> **The problem**:
The reply should hold every line of the listing exactly, and none of its images.

══ The records ══

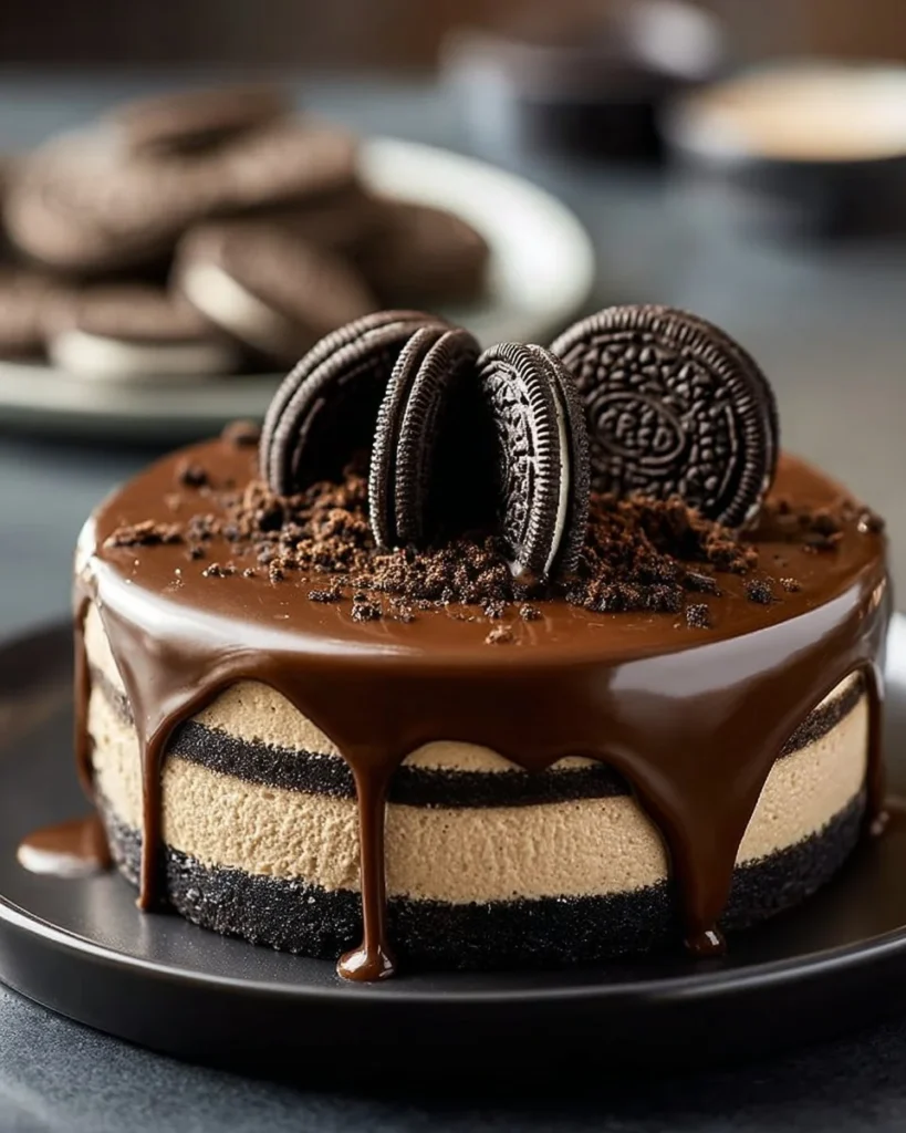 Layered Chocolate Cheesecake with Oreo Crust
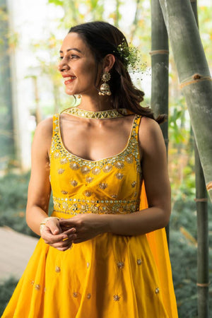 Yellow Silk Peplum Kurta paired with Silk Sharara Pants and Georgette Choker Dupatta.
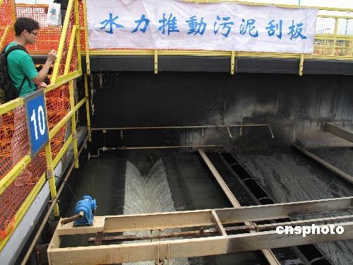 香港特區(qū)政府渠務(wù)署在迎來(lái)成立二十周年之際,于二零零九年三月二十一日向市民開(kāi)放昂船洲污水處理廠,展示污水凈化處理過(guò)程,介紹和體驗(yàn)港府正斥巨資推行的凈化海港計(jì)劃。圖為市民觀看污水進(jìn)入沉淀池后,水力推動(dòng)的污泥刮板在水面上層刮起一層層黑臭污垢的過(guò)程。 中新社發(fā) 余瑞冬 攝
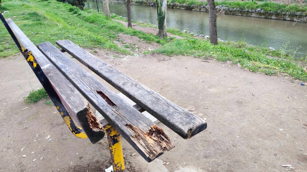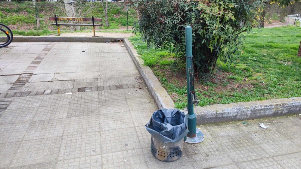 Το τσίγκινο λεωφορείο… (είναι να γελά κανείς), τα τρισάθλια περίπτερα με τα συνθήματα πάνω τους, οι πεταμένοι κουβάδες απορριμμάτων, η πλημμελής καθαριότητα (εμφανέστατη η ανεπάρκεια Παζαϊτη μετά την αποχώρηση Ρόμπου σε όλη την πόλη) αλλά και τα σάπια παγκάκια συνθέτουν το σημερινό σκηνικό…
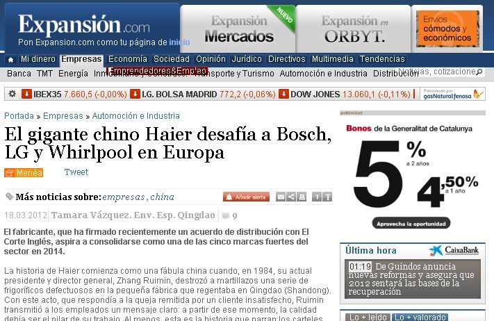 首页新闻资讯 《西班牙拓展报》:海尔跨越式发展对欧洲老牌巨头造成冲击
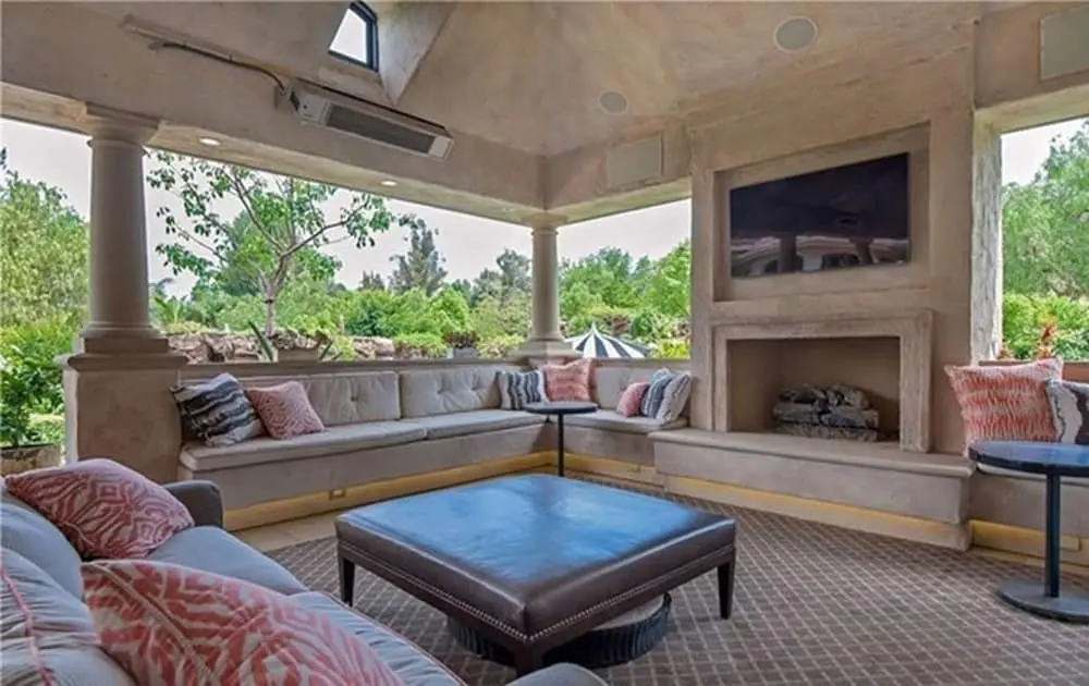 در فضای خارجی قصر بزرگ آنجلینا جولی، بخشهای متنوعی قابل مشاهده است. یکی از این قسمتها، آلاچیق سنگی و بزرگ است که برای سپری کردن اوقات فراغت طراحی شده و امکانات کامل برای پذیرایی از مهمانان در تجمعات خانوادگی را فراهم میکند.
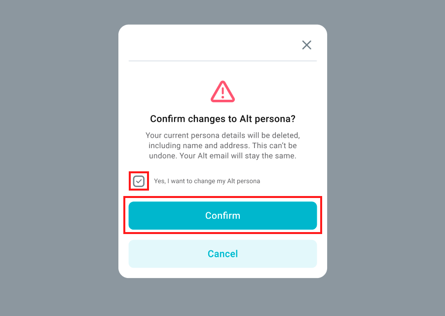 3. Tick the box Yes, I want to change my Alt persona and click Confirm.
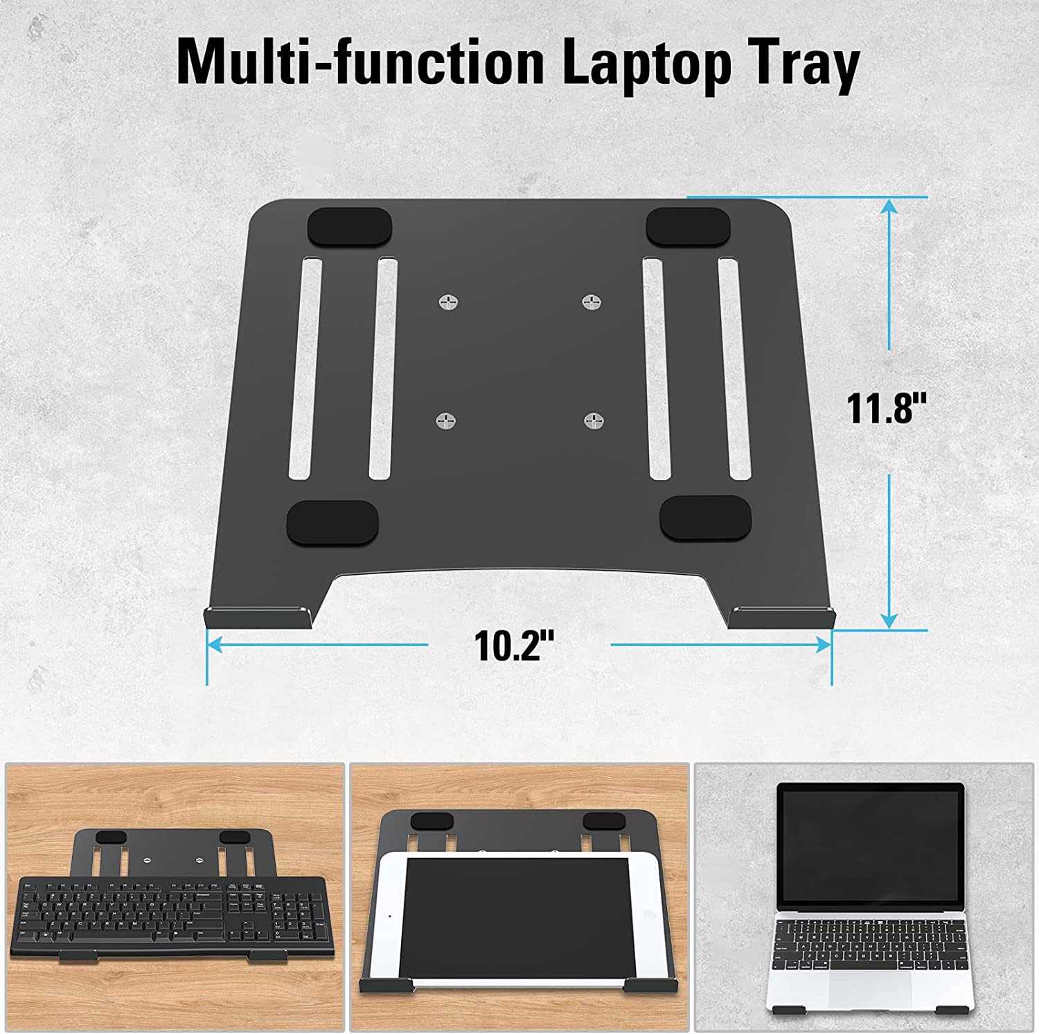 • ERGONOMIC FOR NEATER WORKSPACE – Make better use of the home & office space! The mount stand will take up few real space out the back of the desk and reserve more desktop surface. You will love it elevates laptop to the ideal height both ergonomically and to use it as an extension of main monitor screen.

═══

> **The answer**:
 Layered Chocolate Cheesecake with Oreo Crust
 Yellow Silk Peplum Kurta paired with Silk Sharara Pants and Georgette Choker Dupatta.
 香港特區(qū)政府渠務(wù)署在迎來(lái)成立二十周年之際,于二零零九年三月二十一日向市民開(kāi)放昂船洲污水處理廠,展示污水凈化處理過(guò)程,介紹和體驗(yàn)港府正斥巨資推行的凈化海港計(jì)劃。圖為市民觀看污水進(jìn)入沉淀池后,水力推動(dòng)的污泥刮板在水面上層刮起一層層黑臭污垢的過(guò)程。 中新社發(fā) 余瑞冬 攝
 Το τσίγκινο λεωφορείο… (είναι να γελά κανείς), τα τρισάθλια περίπτερα με τα συνθήματα πάνω τους, οι πεταμένοι κουβάδες απορριμμάτων, η πλημμελής καθαριότητα (εμφανέστατη η ανεπάρκεια Παζαϊτη μετά την αποχώρηση Ρόμπου σε όλη την πόλη) αλλά και τα σάπια παγκάκια συνθέτουν το σημερινό σκηνικό…
 首页新闻资讯 《西班牙拓展报》:海尔跨越式发展对欧洲老牌巨头造成冲击
 در فضای خارجی قصر بزرگ آنجلینا جولی، بخشهای متنوعی قابل مشاهده است. یکی از این قسمتها، آلاچیق سنگی و بزرگ است که برای سپری کردن اوقات فراغت طراحی شده و امکانات کامل برای پذیرایی از مهمانان در تجمعات خانوادگی را فراهم میکند.
 3. Tick the box Yes, I want to change my Alt persona and click Confirm.
 • ERGONOMIC FOR NEATER WORKSPACE – Make better use of the home & office space! The mount stand will take up few real space out the back of the desk and reserve more desktop surface. You will love it elevates laptop to the ideal height both ergonomically and to use it as an extension of main monitor screen.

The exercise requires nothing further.